There’s so much trash and filth. Everywhere. Depending on how the wind blows in the slum, the pungent stench is overpowering. At least if you breathe through your mouth you don’t have to smell it. Snaking insidiously through the slum, open trenches with sewage running through them and trickling along the streets assure me there’s no way I’m walking into Mathare Valley without human and animal feces and all manner of filth coming out with me, at least on my feet, if not more.
From the bridge I can see a “still” or “brewery” of sorts on one side of the riverbank where they make an “illicit brew” that I hear people refer to countless times. It seems to be the culprit of many problems in the slum.

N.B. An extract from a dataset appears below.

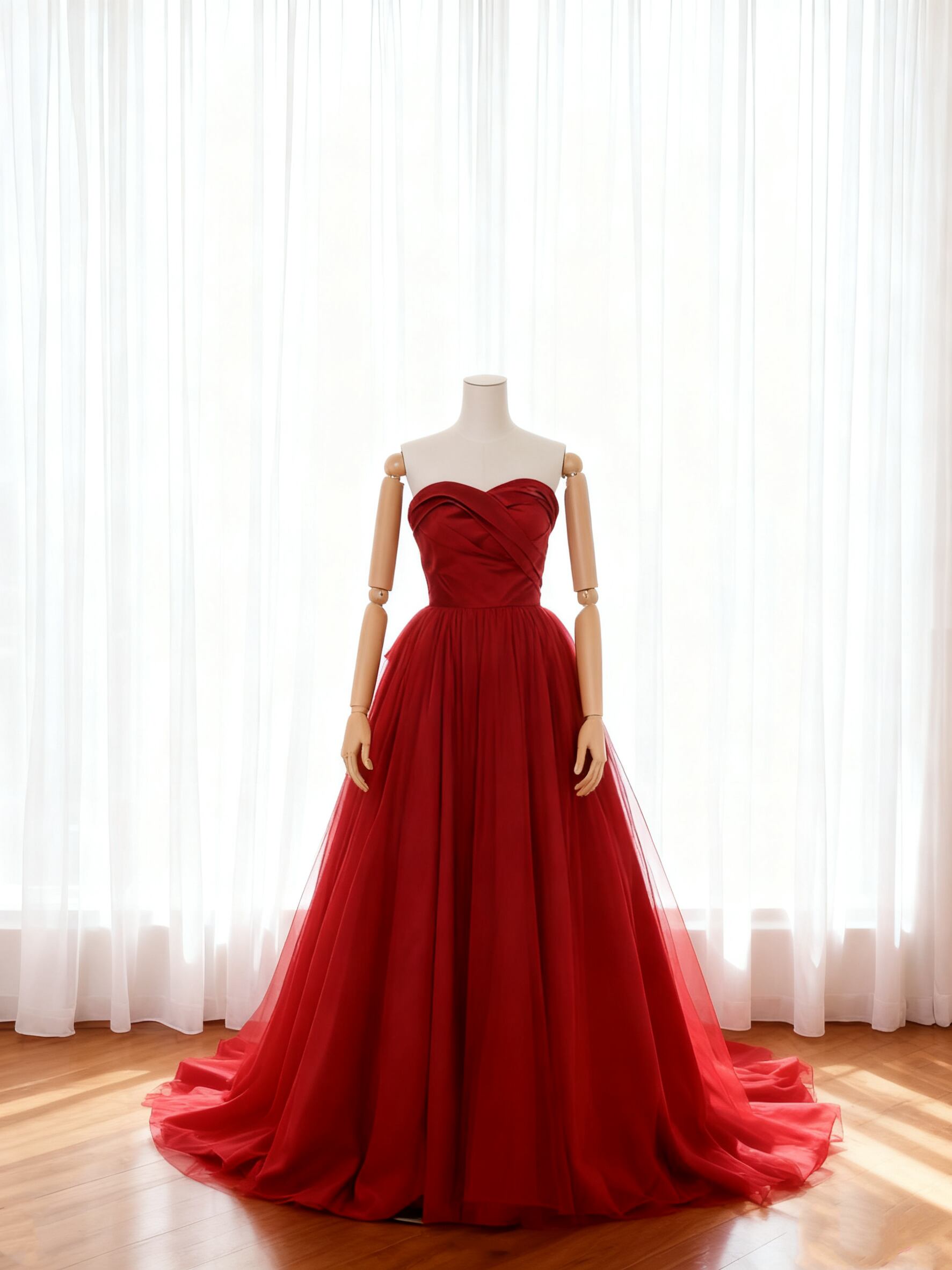 カラードレス ボルドー色 ハンドドレープ 柔らかく重ねたチュールスカート エレガント クラシカル 前撮り 二次会

But there is exactly where I want to be right now. Because amidst all of this, I’m told that Mathare is actually getting better. Bright Hope and its church partner, Mathare Community Outreach, are working here, persevering day in and day out, to make a difference, one life at a time. That’s grown and grown, and now, also crowded in this slum and another nearby one, are about 1,200 children receiving an education and two meals a day at our partner schools…parents in micro-savings groups that are enabling them to pay school fees and build homes…and young adults who have received scholarships and whose lives—and therefore their children’s lives and their grandchildren’s lives—are now on a different trajectory, full of vision.
This is progress. Changing one life at a time, which changes one family at a time, starts to have a ripple effect for generations—and in the community. As much as we’d like to snap our fingers and overhaul the infrastructure for half a million people living in this kind of poverty, we just don’t have what it would take to do that. So, while we hope and pray for major change to come, we press on doing all that we can to help “the one.”
But while I look for the beauty in the middle of the hard and the ugly, I need you to understand, to the best of my ability, just how hard and ugly it can be. Why? Because Mathare Valley is a main character in every story we tell you from this place.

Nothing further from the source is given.